- What you have to do: Output, word for word, each line from the one with "W dniu 4 listopada" through the end of the listing below, excluding every picture.

- Data to process:
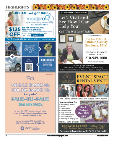 RELAX...we got this!Try MaidPro today and sweep up this exclusive offer:$125 $25 OFF YOUR 2ND, 4TH,AND 6TH CLEANINGSReference Stone Oak Highlights and also receive a FREE Fridge or oven Clean! $50 value.Use Code: SOHL125OFFCall 210-664-4884 or visit maidpro.com/stone-oakyour local geico agent makes bundling simple.Home + Auto = easyLOCAL OFFICERod Musslewhite210-673-2391¡Hablamos Español!Limitations apply. See geico.com for more details. GEICO & affiliates. Washington, DC 20076. GEICO Gecko image © 1999-2022. © 2022 GEICO. 21_633312129MEMBER FDICFor more than 150 years, the way we treat our customers hasn’t changed—even when the way our customers bank with us has.Visit us in Stone Oak at 18762 Stone Oak Pkwy or 21011 US Hwy 281 North or call (210) 220-4011.1/2 HOUR FREE CONSULTATION!Let’s Visit and See How I Can Help You!Call “The Will Lady” Today!The Law Office ofKathleen Cassidy Goodman, PLLC12274 Bandera Rd., Suite 222www.BexarLaw.comHelotes, TX 78023210-949-1000 www.bexarlaw.com25 Years of Legal ExperienceWills • Trusts • Probate • Inheritance • Estate Planning Medical & Financial Power of Attorney • Business Entity FormationWe Offer a Lower Level and Upper Level Space!Space Available For:• Networking events • Mixers• Celebrations• Bridal ShowersEVENT SPACE RENTAL VENUEBook Today! Get 10% OFFOpen 7 days a week!• Baby Showers• Business Meetings• Business Events• Meeting/Training SpaceELEVATE EVENTS • SAN ANTONIO 15701 San Pedro Avenue, San Antonio, TX 78232For more information call (726) 224-06002 www.stoneoakhighlights.com November 2024
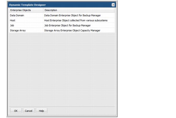 2. In the Enterprise Object Selector window, select the object for which you want to design a report template—
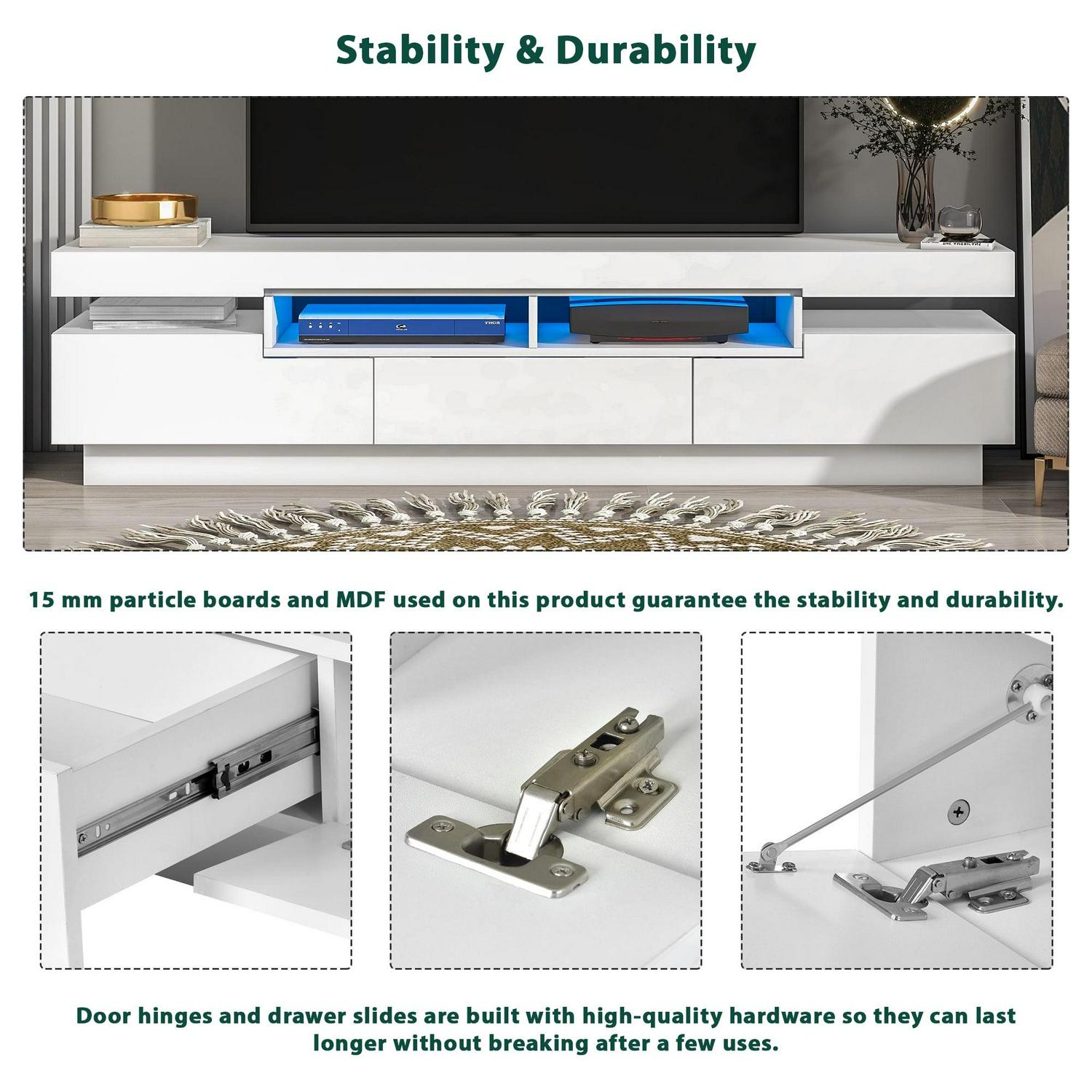 PREMIUM CRAFTSMANSHIP – Crafted from durable MDF and particle board, this TV stand ensures both reliable TV support and an aesthetic that aligns with your preferences. The door hinges and drawer slides are fashioned with high-quality hardware, promising long-lasting performance and resistance to wear and tear.
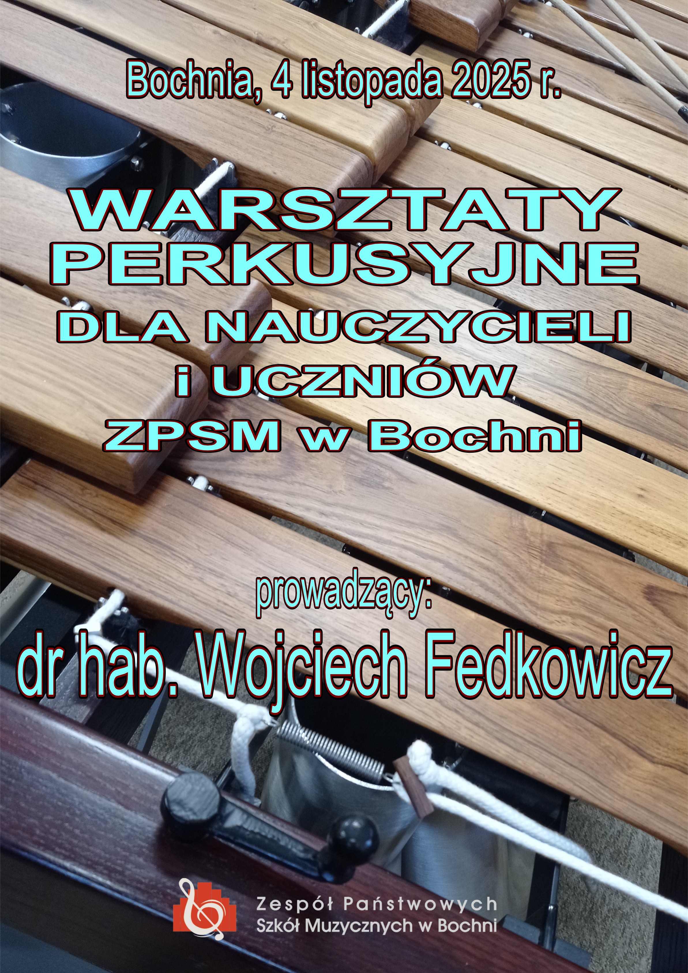 W dniu 4 listopada 2025 r. odbyły się w Naszej Szkole warsztaty dla nauczycieli i uczniów klas perkusji. Warsztaty prowadził pan dr hab. Wojciech Fedkowicz z Akademii Muzycznej im. Krzysztofa Pendereckiego w Krakowie.
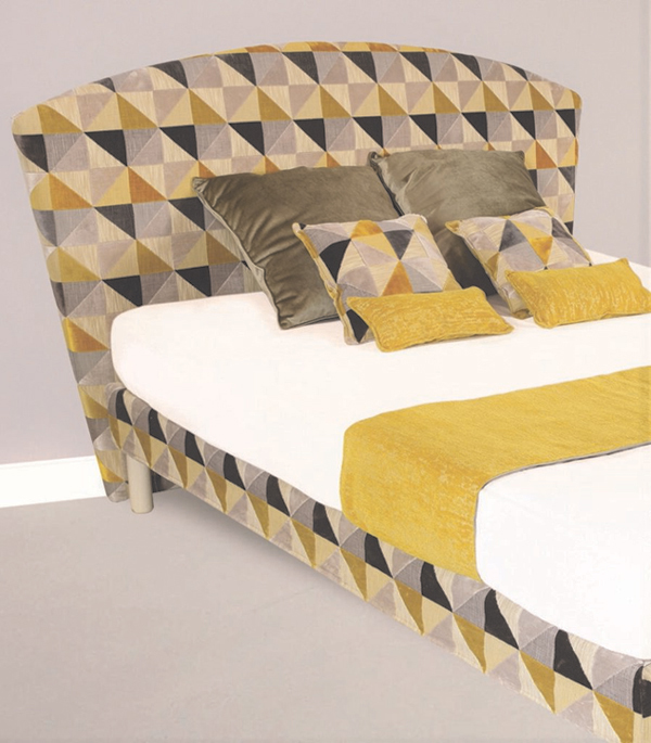 Paget Tête de lit trapézoïdale avec un dossier arrondi, elle est mise en valeur avec un un tissu géométrique très tendance à dominante jaune. Toutes nos têtes de lits sont réalisables sur mesure. Pour chaque tête un immense choix de tissus est proposé. Fabrication française. Tête de lit Vanina pour CHR, tête de lit française.

- Task output:
 W dniu 4 listopada 2025 r. odbyły się w Naszej Szkole warsztaty dla nauczycieli i uczniów klas perkusji. Warsztaty prowadził pan dr hab. Wojciech Fedkowicz z Akademii Muzycznej im. Krzysztofa Pendereckiego w Krakowie.
 Paget Tête de lit trapézoïdale avec un dossier arrondi, elle est mise en valeur avec un un tissu géométrique très tendance à dominante jaune. Toutes nos têtes de lits sont réalisables sur mesure. Pour chaque tête un immense choix de tissus est proposé. Fabrication française. Tête de lit Vanina pour CHR, tête de lit française.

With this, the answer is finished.